March 26, 2013, 12:49 PM — Consider the following programming test: this data file defines a maze with diagonal walls made up of sections with a length the square root of 2. In 45 minutes, design and implement a solution in Pascal to count the number of enclosed areas and the area of the largest enclosed space. Got it? Ready... set... go!
Image credit: Neil Fraser / BẾ VĂN ĐÀN
If you were able to do it, congratulations! That means you could pass the Google interview process. It also means that you have the programming skills of a Vietnamese eleventh grader.
That's according to Google engineer Neil Fraser, who recently visited schools in that country and came away quite impressed with the commitment to teaching computer science starting at an early age. As he wrote earlier this month, it all starts early. In third grade they learn how to use Windows, in fourth grade they learn Logo commands and loops and by fifth grade they can write procedures.

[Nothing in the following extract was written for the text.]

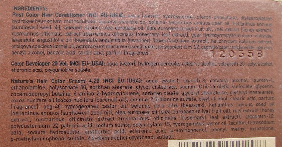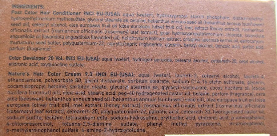 Natures Hair Color Cream 10.0 INCI EU-(USA): aqua (water), laureth-3 (tensioactivo no ionico alcohol etoxilado que se utiliza como emulsionante y surfactante que contiene óxido de etileno que es muy tóxico), cetearyl alcohol, laureth-4 (ídem -3), ethanolamine (también llamado MEA o monoetanolamina, emulsionante alergénico), polysorbate 80 (En su forma original, es un polisorbato sorbitol inofensivo, que es un alcohol de azúcar. Para su uso en productos de cuidado personal, sin embargo, se trata con óxido de etileno, por lo tanto, el nombre "polisorbato 80," porque se trata con 80 partes de óxido de etileno), glycol distearate (compuesto químico se utiliza como emoliente y es una combinación de etilenglicol (químico incoloro) y ácido esteárico (un ácido graso común). También tiene una alta capacidad de formación de espuma, por lo que puede encontrar en el jabón líquido o desinfectante para las manos, así como en los baños de burbujas y jabones líquidos. Aunque generalmente se considera seguro, este ingrediente se queda corto en comparación con las alternativas naturales), sorbitan stearate (tensioactivo de origen vegetal), sodium C14-16 olefin sulfonate (tensioactivo generalmente derivado del coco potencialmente irritante de la piel y por eso se añaden otros componentes para minimizar su impacto negativo en la piel), glycerin (no se puede determinar si es vegetal -cosa que se indicaría- o de origen sintético), cocamidopropyl betaine (también se llama tegobetaína de coco. Es un tensioactivo para que en las fórmulas elaboradas con otros aniónicos fuertes sean menos agresivos. Es un tensioactivo suave y su problema radica en su procedencia dependiendo si es de origen natural o de síntesis. Si es de síntesis suele estar contaminado con nitrosaminas que son las verdaderamente irritantes, contaminantes y cancerígenas), sorbitan oleate (surfactante contaminante ambiental), glyceryl stearate se (autoemulsionante clasificado como bajo riesgo), glyceryl isostearate (emoliente y agente espesante. confiere sensación de suavidad a la piel), cocos nucifera oil (aceite de coco), oleyl alcohol (alcohol graso emulsionante y tensioactivo procedente generalmente del aceite de pescado), stearic acid (emoliente y agente que ayuda a mantener la fórmula. generalmente es de origen animal), parfum (fragrance. ufff. aquí ya nos vamos a cientos de sustancias que necesitamos horas y horas de análisis), betaine (agente acondicionador del cabello y antiestático. se suele sustituir a la tegobetaína porque es más suave. suele ser de origen vegetal), peg-40 hydrogenated castor oil (agente emoliente mezcla de aceite de ricino con polietilenglicol -PEG- de origen sintético petroquímico que penetra en el piel y favorece que el resto de sustancias también lo hagan), cera alba (beeswax. Cera de abejas), helianthus annuus seed oil (aceite de girasol), olea europaea oil (aceite de oliva), mel extract (extracto de miel), rosmarinus officinalis extract (extracto de romero), ceteareth-20 (emulsionante derivado del petróleo), polyquaternium-22 (agente antiestatico sintético. Son compuestos de amonio cuaternario que son caústicos e irritantes de ojos, pueden producir dermatitis de contacto), palmitic acid (surfactante emulsionante que generalmente es de origen animal), polyacrylate-15 (derivado del petróleo, tapona los poros, contaminante ambiental), hydrogenated castor oil (aceite de ricino y agua que se utiliza como emulsionante), sodium sulfite (es una sal que se utiliza como conservante. Altera la estructura del cabello), lecithin (emulsionante, humectante, estabilizante. puede ser de origen vegetal -soja- o animal), sodium hydrosulfite (sal inorgánica que reduce la viscosidad), tetrasodium edta (aditivo quelante que se acumula en el organismo que además es bastante dificil eliminar ya que se une a metales pesados y forma compuestos difíciles de degradar), etidronic acid (ácido inorgánico que se utiliza como agente quelante para que arrastre residuos), erythorbic acid (conservante antioxidante derivado de la vitamina C), toluene-2,5-diamine sulfate (sulfato que se utiliza como agente colorante del cabello cuando se oxida con el peróxido de hidrógeno), 4-chlororesorcinol (es un benceno -componente petróleo- que se utiliza como colorante para el cabello, puede influir en el sistema inmunológico y es xenoestrógenico), 2-methylresorcinol (es un benceno -componente petróleo- que se utiliza como colorante para el cabello, puede influir en el sistema inmunológico y es xenoestrógenico), phenyl methyl pyrazolone (colorante sintético), m-aminophenol (colorante sintético para colorar el cabello producido a partir del petróleo), p-methylaminophenol sulfate (colorante sintético), 2,4-diaminophenoxyethanol sulfate (componente para colorear el cabello).

He witnessed a class of eleventh graders take the above programming test, which he said is on par with some of the questions during a Google interview. Most of the students had no trouble completing the task in the time allotted. He concluded that, “There is no question that half of the students in that grade 11 class could pass the Google interview process.”

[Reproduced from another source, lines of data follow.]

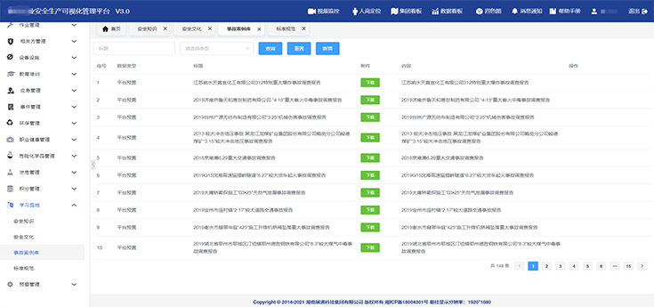 系統(tǒng)配置了企業(yè)安全知識、安全文化、事故案例庫、標準規(guī)范4大內(nèi)容模塊,可供企業(yè)各層級工作人員隨時學(xué)習(xí)或開展培訓(xùn),為企業(yè)營造了良好的安全文化氛圍。
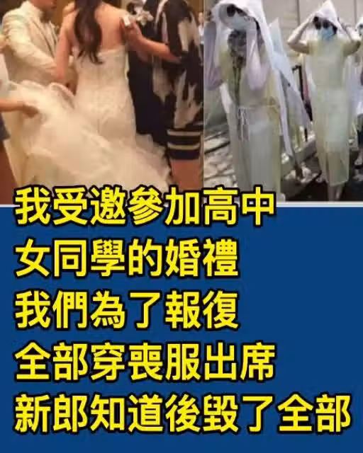 我受邀參加高中女同學的婚禮,我們為了報復全部穿喪服出席,新郎知道後毀了全部
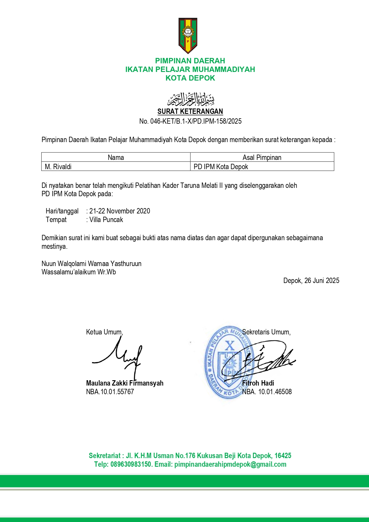 Tidak Valid = Riwayat tidak valid, karena pimpinan belum terdaftar di myipm/ pengakuan riwayat ditolak pimpinan
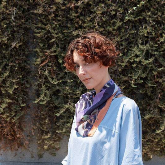 Japanese Printed Silk 'Tropics' Cream リング付きミニスカーフ | YARN&COPPER
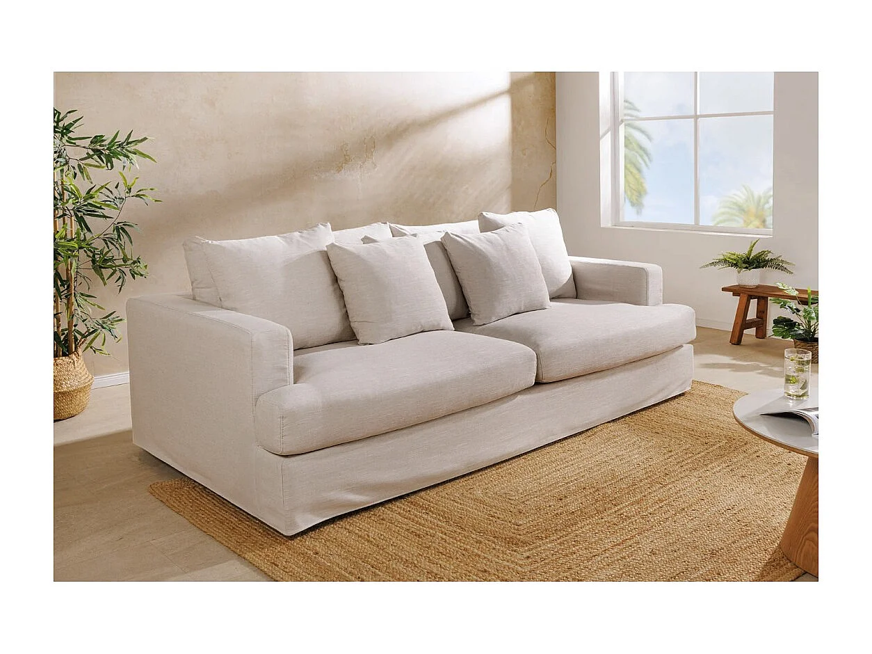 Canapé droit KALIA – Tissu blanc mat – 4 places – Confort généreux contemporain
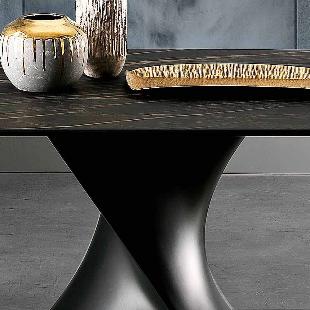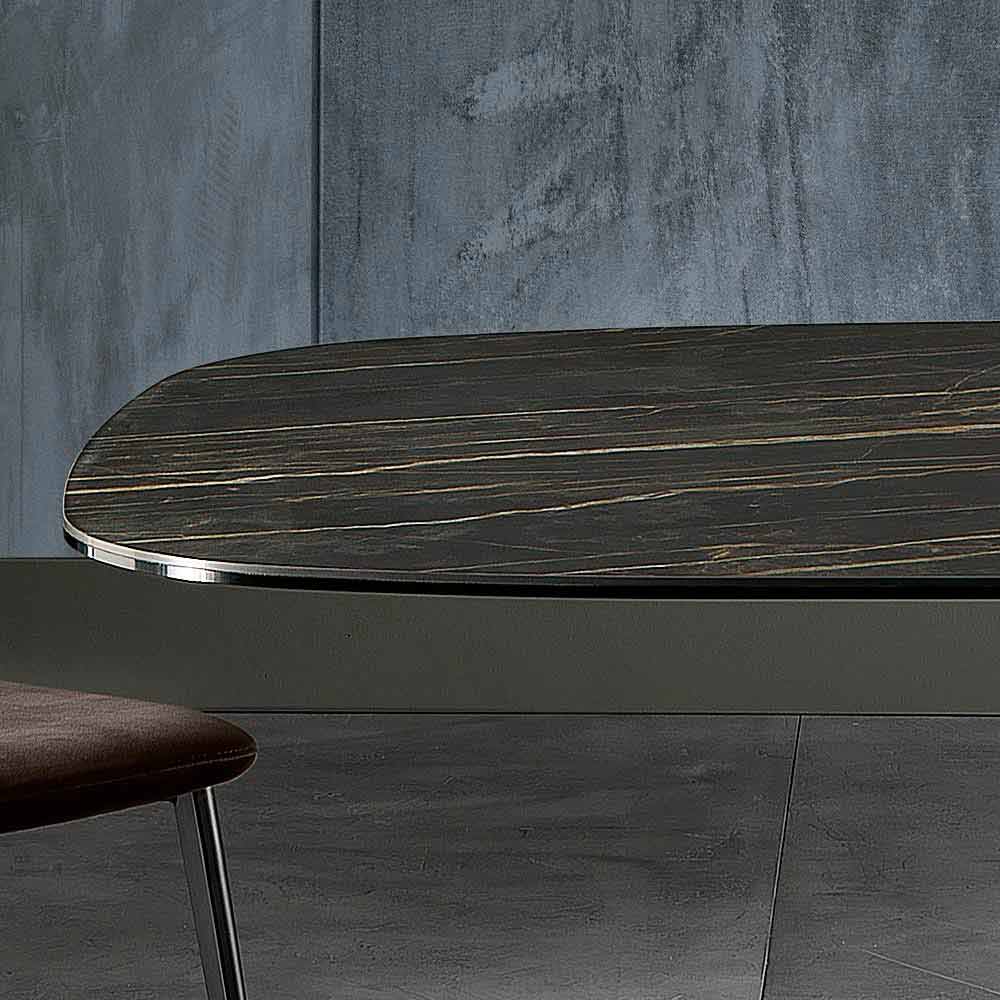 Clark este o masă fixă realizată în Italia cu o suprafață ovală din sticlă ceramică și bază poliuretanică.

While the decision to start teaching computer science at an early age is relatively recent in Vietnam, it already puts them well ahead of the average student in the United States, which Fraser bemoans. In fact, he goes on to paint a pretty bleak picture of computer science education in the United States, saying that eleventh grade students in the U.S. have trouble with HTML tags. He attributes the lack of computer science education in the U.S. to:
School districts not wanting to devote resources away from traditional subjects (e.g. English), so as not to threaten funding
Lack of teachers qualified to teach computer science
Students not wanting to learn computer science and be labeled “geeks”
“The result in America is a perfect storm of opposition from every level,” Fraser writes. “Effecting meaningful change is virtually impossible.”
If by "meaningful change" he means getting to the point where U.S. eleventh graders could pass a Google interview, then, yes, he's probably right. U.S. students are behind their counterparts in Vietnam and Estonia in learning programming. It's not clear that computer science will ever become a required subject in grade school or even high school in this country.
However, I'm not sure that's the end of the world. As I wrote last year, there is indeed a clear gap in this country between the number of computer related jobs and the number of students graduating with the computer science degrees. But there is some good news to report on that front.
Yesterday the Computing Research Association reported that, in the 2011-12 academic year, the number of students at U.S. universities choosing to major in computer science increased by 29%, the fifth year in row of growth. There was also a 20% increase in the number of bachelor’s degrees awarded in computer science, the third year in a row of double digit percentage growth. This shows that, at least for people entering the workforce (which is what's most important, in my opinion), we’re trending in the right direction.
In the meantime, if Google is looking for 17 year old engineers, they know where to look.